While Molly's Suds is Leonard’s core business, she created the Refillery storefront as part of her new warehouse on 30th Avenue N and Tyrone Boulevard.

In addition to a do-it-yourself station filled with the ingredients to make natural deodorants and facial cleansers, Leonard also stocks low-waste essentials: Cloth cotton rounds to remove makeup, bamboo toothbrushes and, of course, steel and glass straws.

They're the kind of items Eniko Olah began selling at her Saturday Morning Market and Indie Flea market pop-up shops last year. Now, Olah has her own store on the top floor of the Baum Market downtown, where she sells her staples and then some. She named the store Sans Market.

"Without plastic, without packaging, without chemicals," she said.

She has a refill station with shampoo, hand soap and even sunscreen. Instagram-worthy jars and spray bottles are on sale for a few dollars. She sells portable kits of bamboo cutlery to replace plastic forks or spoons, cotton "unpaper" towels, shampoo and shaving bars, all-metal razors and even plastic-free body glitter.

For 12 years, Olah worked in marketing for the type of companies she now encourages clients to avoid: Procter and Gamble and Kimberly Clark, which manufacture several household cleaning and paper products.

"I was trying to change them from the inside," she said.

A year ago, she decided to lead the change she wanted to see with her own business. She moved from Wisconsin back to Tampa Bay, where her family lives, to start the market. Three years ago, Olah got stricter in cutting back on her personal waste. It was around the time some zero-wasters started getting popular online, showing off how little waste they produced in a year by carrying it around in a mason jar. Olah worries that kind of mindset can create a barrier for those just starting out.

"The goal isn't to judge people and get them to put their waste in a mason jar," Olah said. "It's education."

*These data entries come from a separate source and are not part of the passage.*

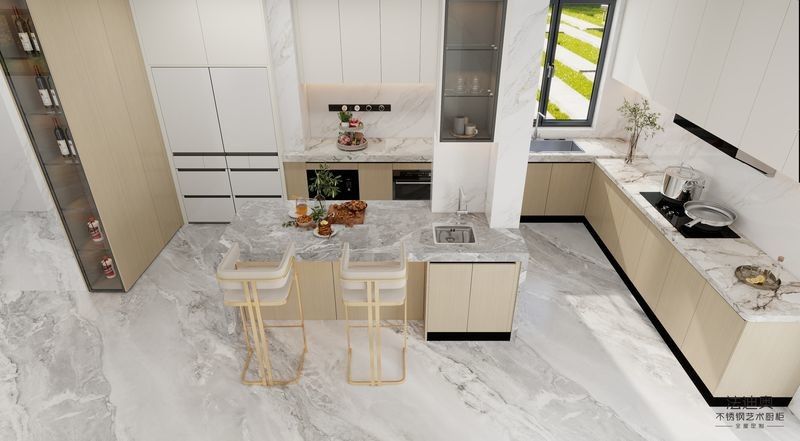 Este gabinete de cocina personalizado está construido en torno a una estrategia de acabado diferenciada: grano de madera / blanco emparejado con estructura de gabinete de acero inoxidable.Esa combinación da a los compradores una expresión de lujo más cálida sin perder la limpieza y la durabilidad del proyecto esperados de los gabinetes de acero inoxidable.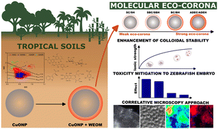 Water-extractable organic matter from tropical soils and biochar amendment tailors the colloidal behavior of nanoparticles and mitigates their toxicity through molecular eco-corona formation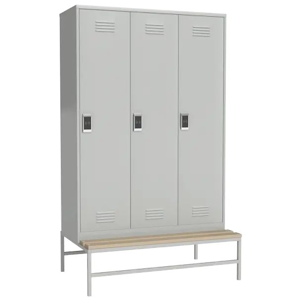 Шкаф металлический для хранения сменной одежды на подставке со скамьей и электронным замком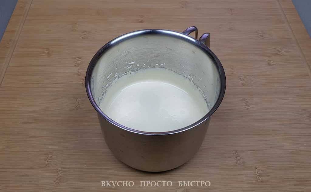 - Подогреть, но не кипятить молоко, влить его в основной состав, перемешать и поставить на небольшой огонь.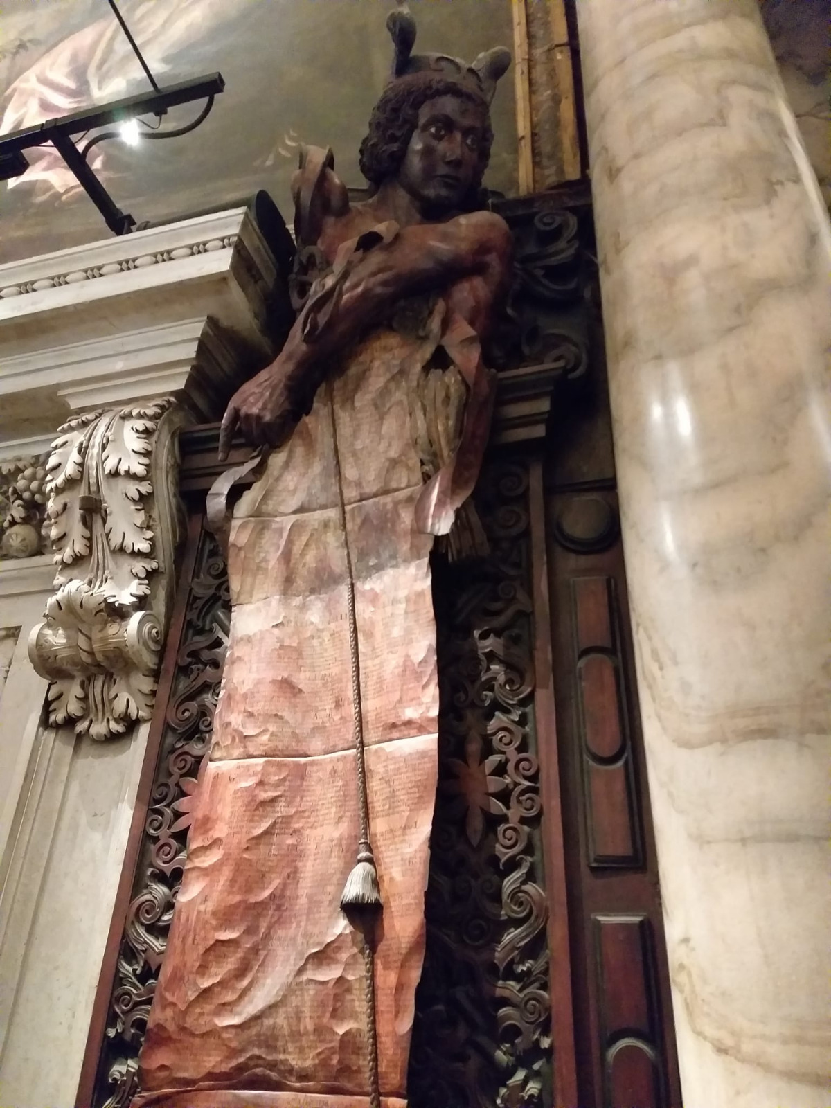 Se ad Andrea Brustolon ((Belluno, 1662 – Belluno 1732) i posteri gli hanno riconosciuto il titolo onorifico di "Michelangelo del legno", certamente signifca che hanno ravvisato nelle sue sculture una potenza espressiva tale da paragonarlo al più grande scultore di tutti i tempi. E in effetti quando si è in presenza delle sue sculture lignee certo non si resta indifferenti, dati il forte impatto visivo ed emotivo, la raffinatezza dell'esecuzione, la genialità con cui è trattata la materia, la bellezza che scaturisce da forme studiate in ogni dettaglio con un'anicribìa che rende le sue opere veramente uniche. La viva materia del legno ubbidisce alle sue abilissime mani, assumendo le forme più svariate e ricercate, siano esse di ebano o di cirmolo, una volta partotrite dal suo genio si animano di vita propria e sembrano palpitare, tanto sono eseguite abilmente e con tangibile trasporto artistico e sentimentale. E angeliche ali sembrano librarsi in un volo divino, e muscoli virili sembrano tesi in uno sforzo impossibile, e volti maschili e femminili, adulti o infantili, assumono ora pose rilassate, serafiche, sorridenti, ora smorfie dolorose, turbate, contratte. La lezione barocca qui raggiunge livelli elevati ed estenuati in arzigogoli che tendono a una meraviglia tutta da ammirare.

None of the shop owners said they're completely waste-free. It's difficult, especially when it comes to getting enough food to feed their families.

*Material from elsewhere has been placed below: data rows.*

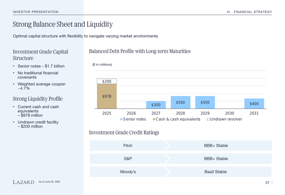 Os ativos sob gestão da firma estavam em US$ 248 bilhões no 2º tri de 2025, embora a média de AUM tenha diminuído ligeiramente de US$ 245 bilhões no 2º tri de 2024 para US$ 239 bilhões. No entanto, a Lazard conseguiu melhorar sua taxa média de administração de 43 pontos-base para 44 pontos-base durante o mesmo período.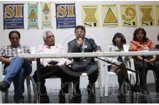 MÉXICO, D.F., 27ABRIL2011.- José Refurgio Palma, Gregorio Flores Laredo, José Castillo Labra, candidato de la planilla Si Incluyente para la Secretaría General del STUNAM; Leticia Arrega Morita y María Teresa Rodríguez, anunciaron que impugnarán los resultados en las pasadas elecciones en la UNAM debido a irregularidades que detectaron durante el proceso. FOTO: IVAN STEPHENS/CUARTOSCURO.COM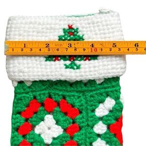 Handmade Crochet Green & Red Christmas Stocking Festive Holiday Decor.
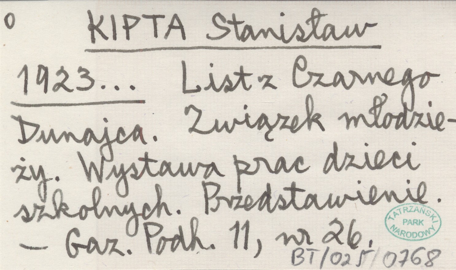 KIPTA Stanisław 1923... List z Czarnego Dunajca. Związek młodzieży. Wystawa prac dzieci szkolnych. Przedstawienie.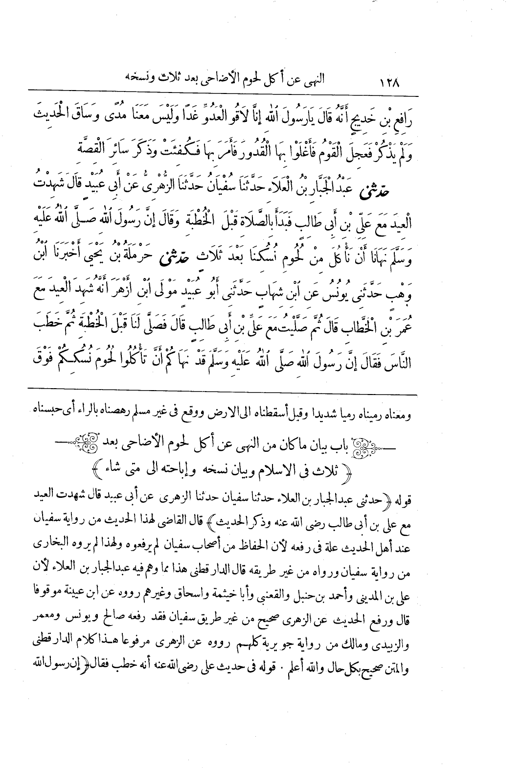 [1969] قَوْلُهُ (حَدَّثَنِي عَبْدُ الْجَبَّارِ بْنُ الْعَلَاءِ حَدَّثَنَا سُفْيَانُ حَدَّثَنَا الزُّهْرِيُّ عَنْ أَبِي عُبَيْدٍ قَالَ شَهِدْتُ الْعِيدَ مَعَ عَلِيِّ بْنِ أَبِي طَالِبٍ رَضِيَ اللَّهُ عَنْهُ وَذَكَرَ الْحَدِيثَ) قَالَ الْقَاضِي لِهَذَا الْحَدِيثِ مِنْ رِوَايَةِ سُفْيَانَ عِنْدَ أَهْلِ الْحَدِيثِ عِلَّةٌ فِي رَفْعِهِ لِأَنَّ الْحُفَّاظَ مِنْ أَصْحَابِ سُفْيَانَ لَمْ يَرْفَعُوهُ وَلِهَذَا لَمْ يَرْوِهِ الْبُخَارِيُّ مِنْ رِوَايَةِ سُفْيَانَ وَرَوَاهُ مِنْ غَيْرِ طَرِيقِهِ قَالَ الدَّارَقُطْنِيُّ هَذَا مِمَّا وَهِمَ فِيهِ عَبْدُ الْجَبَّارِ بْنُ الْعَلَاءِ لِأَنَّ عَلِيَّ بْنَ الْمَدِينِيِّ وَأَحْمَدَ بْنَ حَنْبَلٍ وَالْقَعْنَبِيَّ وَأَبَا خَيْثَمَةَ واسحاق وغيرهم رووه عن بن عُيَيْنَةَ مَوْقُوفًا قَالَ وَرَفْعُ الْحَدِيثِ عَنِ الزُّهْرِيِّ صَحِيحٌ مِنْ غَيْرِ طَرِيقِ سُفْيَانَ فَقَدْ رَفَعَهُ صَالِحٌ وَيُونُسُ وَمَعْمَرٌ وَالزُّبَيْدِيُّ وَمَالِكٌ مِنْ رِوَايَةِ جُوَيْرِيَةَ كُلُّهُمْ رَوَوْهُ عَنِ الزُّهْرِيِّ مَرْفُوعًا هَذَا كَلَامُ الدَّارَقُطْنِيِّ وَالْمَتْنُ صَحِيحٌ بِكُلِّ حَالٍ وَاللَّهُ أَعْلَمُ قَوْلُهُ فِي حَدِيثِ عَلِيٍّ رَضِيَ اللَّهُ عَنْهُ أَنَّهُ خَطَبَ فَقَالَ (إِنَّ رَسُولَ اللَّهِ

In October 2018, Marcile Powers and her husband, Keevy McAlavy, put up a Kickstarter fundraising page to solicit local support for Kenwood's Organic Produce, and raised about $3,500 for the low-waste market. They had a months-long soft opening as they sorted out farm relationships and a glass jar deposit program for prepared foods.

The modest shop near the intersection of Fifth Avenue N and U.S. 19 opened officially in March. The store’s shelves are now full of $1 peaches, squash and zucchinis, $4 cartons of blueberries and $1.50 bell peppers.

The couple stocks whatever is in season, often driving to nearby farms to pick up the loads themselves. But avoiding packaging doesn't always work out perfectly. One farm first sent loose potatoes in a box, Powers said. The next order, the same farm sent the potatoes bagged per pound.

"Wholesalers are not totally ready yet," Powers said.

The big suppliers are built around leading retailers that want packaging because it streamlines delivery and shelving and can delay spoiling. Industry leaders need to start demanding changes so the suppliers follow suit, Powers said.

Olah said customer demands affect those decisions, too. She cited Trader Joe's recent packaging changes after a Greenpeace petition against big retailers use of plastics surpassed 100,000 signatures late last year. Trader Joe's chain of 500 stores started phasing out polystyrene meat trays and single-use plastic produce bags.

Aldi pledged last month its packaging would be reusable, recyclable or compostable by 2025, which echoes promises Walmart made in February.

"I hope it's not just green-washing," Olah said. "If they do start making the push, I hope they do it in the right way."

The mood is shifting across the state. Gainesville has a Life Unplastic shop and the village of Tequesta in South Florida has a One World Zero Waste store. Bulk Nation, which has several Tampa Bay locations, has a zero-waste program that allows shoppers to fill up their own jars with flour, nuts and dried fruit.

Tampa Bay's low-waste stores are so far clustered in St. Petersburg. Tampa doesn't appear to have its own similar stores — yet.

The ladies behind St. Pete's latest eco-shops say it's just a matter of time.